I like it when I see criticism. I see it as something positive and necessary in the beer discourse, I'd even go as far as to say that it's key if we expect to get the respect we deserve as consumers. However, in order to serve that purpose, criticism, even more than praise, must be well argued and informed, and, above all, it must be fair and clear. And that's why I believe that the other day, Jardín del Lúpulo had a bit of a cock-up in their criticism of a beer festival they attended.
On the one hand, they mentioned a few shortcomings, a couple of which turned out to be not such. And on the other, they made what in my opinion is the grave error of putting everyone in the same sack when they said that at the festival they had found:
duff kegs that were not changed when pointed out, beers that were sold even though they needed another month of aging, beers that had not met the expectation of the producers themselves, infected beers, “experimental” beers...Later, the author also mentions that they had come across some good stuff, but the damage had already been done. If you are going to make such hard criticism after being specific on the event, you are unnecessarily hurting all the breweries that were there and perverting the very debate you want to start. Perhaps the author could have refrained from mentioning any specific event as an example, after all, the post was meant to trigger discussion and not so much as a review.
But regardless of that, there is a complaint, from the author, as well as from several other commenters, which is in fact almost perennial when discussing beer festivals “beers that the producers themselves sell at higher prices than at stores”.
Is there anyone who can give me a reasonable explanation of what the problem is? Because, frankly, I don't see anything reproachable here.
At events of this type, a producer can't take advantage or abuse a condition of exclusivity to set prices that could be considered abusive, as it can happen, for instance at concerts. Here the consumer has plenty to choose from and the prices are another one of the variables.
So, what's the problem? That the producer has set a higher profit margin than what they usually get when selling to retailers?
Assuming for a second that that is a fact; that, even after factoring all the other costs specific to their participation in a festival, producers still earn more for every beer than they earn selling it to a shop or bar, since when is it wrong that a producer wants to earn a bit more, especially since we are speaking about an environment where competition couldn't be any freer?
So, what's the problem?
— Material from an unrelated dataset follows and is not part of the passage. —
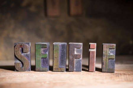 Letterpress letters spelling the word Selfie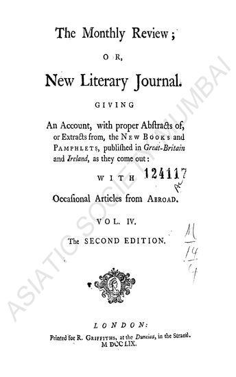 Monthly Review; or New Literary Journal Vol. IV. The Second Edition.

That you went to that event to taste that beer and you found it more expensive than at a shop?
Let's forget for a second that A: if you can find that beer cheaper elsewhere, you are free to buy it there and B: that bottled beer isn't the same as draft beer. If you considered that the chance to drink one or several specific beers was good enough reason to invest the time and money necessary to attend a given festival, then a few coins more in the price shouldn't make any difference (needless to say, we're speaking here about beers that are at least well made. Beers that aren't well made will be expensive, regardless of their price).
So, what's the problem? That producers refuse to understand that festivals are an opportunity to promote their companies?
Let's be serious. We, the consumers, have the right to demand from producers quality and value, but not to dictate how they should manage their companies or determine their strategies. If a producer sees festivals mostly as a good source of turnover, it's their choice, they know why they do it, and if they don't, the risks and eventual problems are purely theirs.
That said, and to be honest, if I were a producer I'd take festivals mostly as a chance to promote my products and brand, as I see it as very reasonable. However, and since I'm not a producer, I can't avoid wondering if these events are any effective as promotional tools.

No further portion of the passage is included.